Kepala Sub-Direktorat Penyidikan dan Penindakan pada Direktorat Keamanan Informasi Kemenkominfo, Teguh Afriyadi, mengatakan bahwa hoax adalah istilah umum di masyarakat untuk konten berisi kebohongan yang dalam hal ini disebarkan melalui jaringan teknologi informasi dan komunikasi. Menurut UU ITE sendiri ada 3 jenis konten hoax yang dapat dipidana sebagai konten ilegal.

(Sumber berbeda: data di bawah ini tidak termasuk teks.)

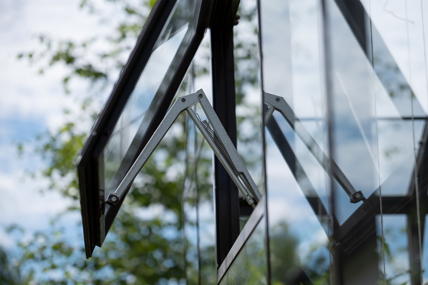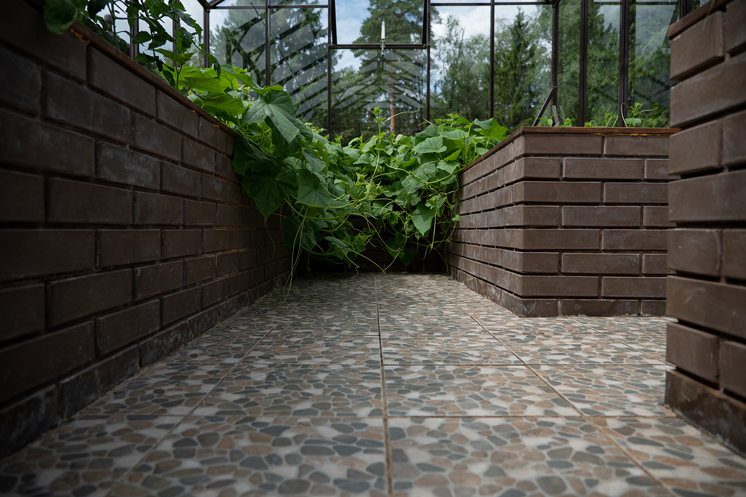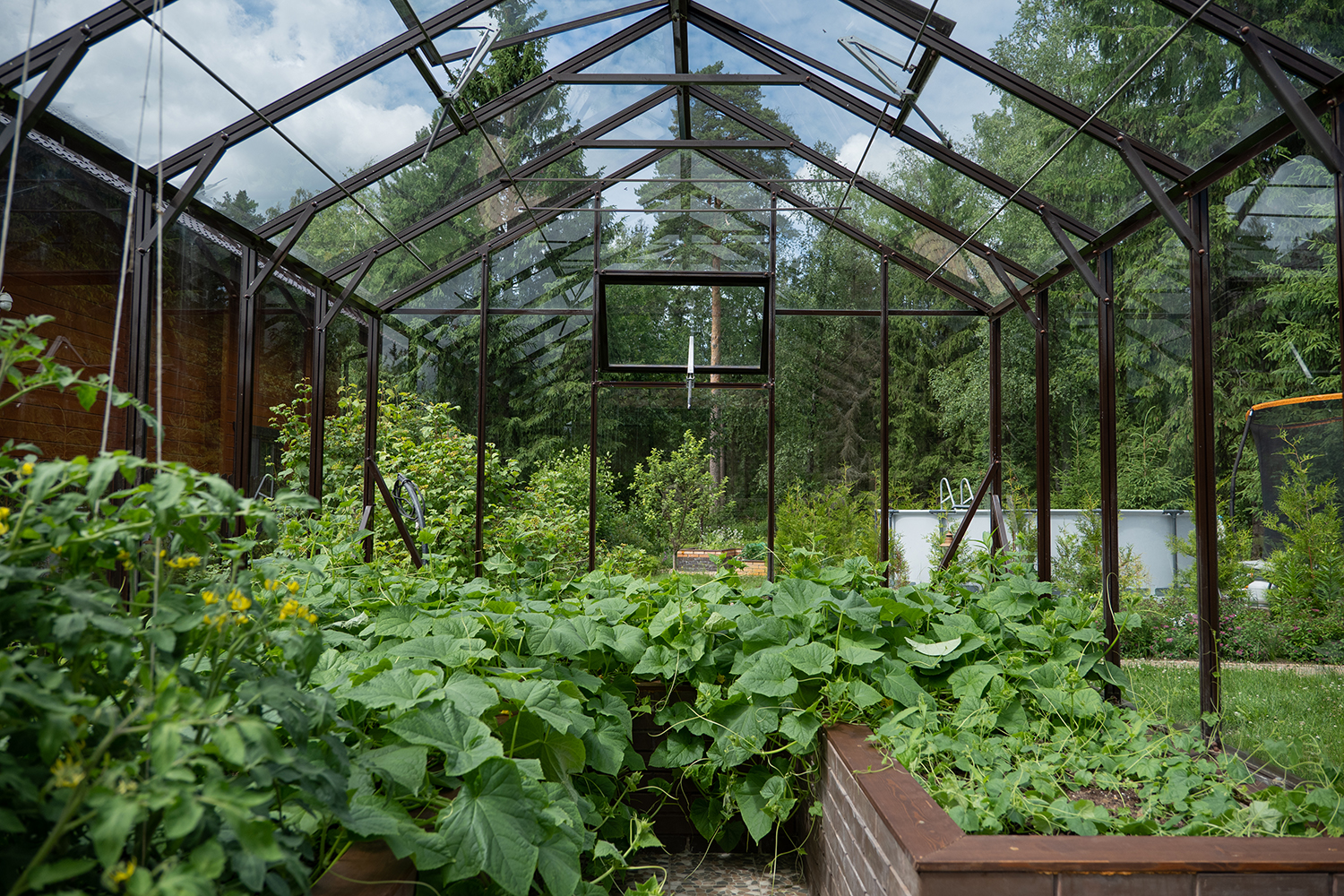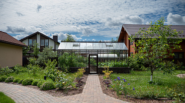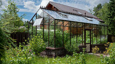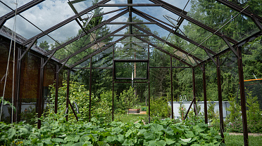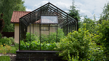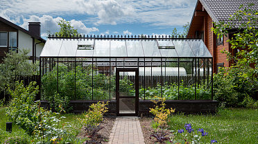 Боковое размещение входа формирует более гибкую планировку и удобную логику использования пространства. Такое решение упрощает зонирование внутри и делает перемещение более естественным, позволяя органично вписать теплицу в участок и создать продуманную и комфортную рабочую среду.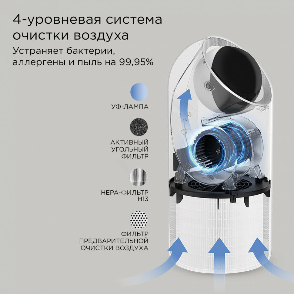 Очиститель оснащен системой из УФ-лампы и 3 фильтров: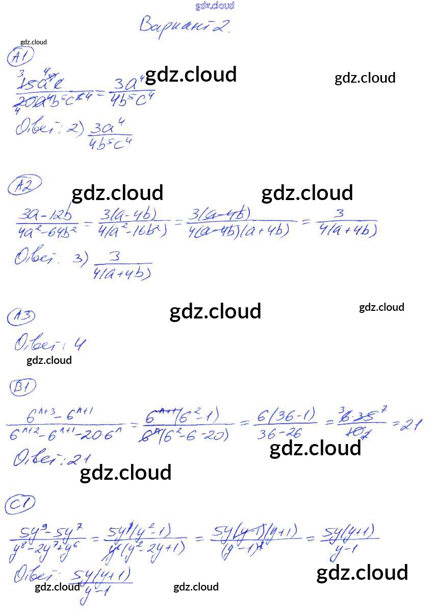 СР-2. Варианты Ответы к Cамостоятельным работам по Алгебре 8 класс Самостоятельные и контрольные работы Глазков УМК Экзамен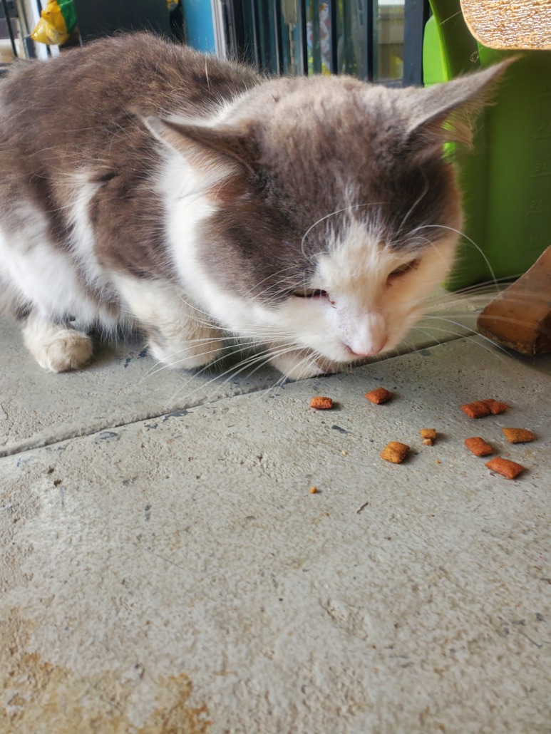 Grey and white, long hair. Super friendly. Show proof of ownership please.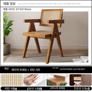 핸즈 라탄 체어 원목 케인 인테리어 카페 식탁 의자, 목판방석, 1개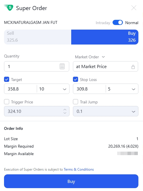 Effectively, this lot size in super order window is just quantity. As we increase the quantity, it also gets increased.

Pertama, konten berisi pencemaran nama baik atau fitnah yang dilarang dalam Pasal 27 ayat 3 UU ITE. Kedua, penipuan untuk motif ekonomi yang merugikan konsumen dalam Pasal 28 ayat 1 UU ITE. Dan yang ketiga adalah provokasi terkait SARA sebagaimana dilarang oleh Pasal 28 ayat 2 UU ITE. Inilah 3 jenis konten hoax yang diancam maksimal penjara 4 hingga 6 tahun atau denda maksimal Rp750 juta hingga Rp1 miliar.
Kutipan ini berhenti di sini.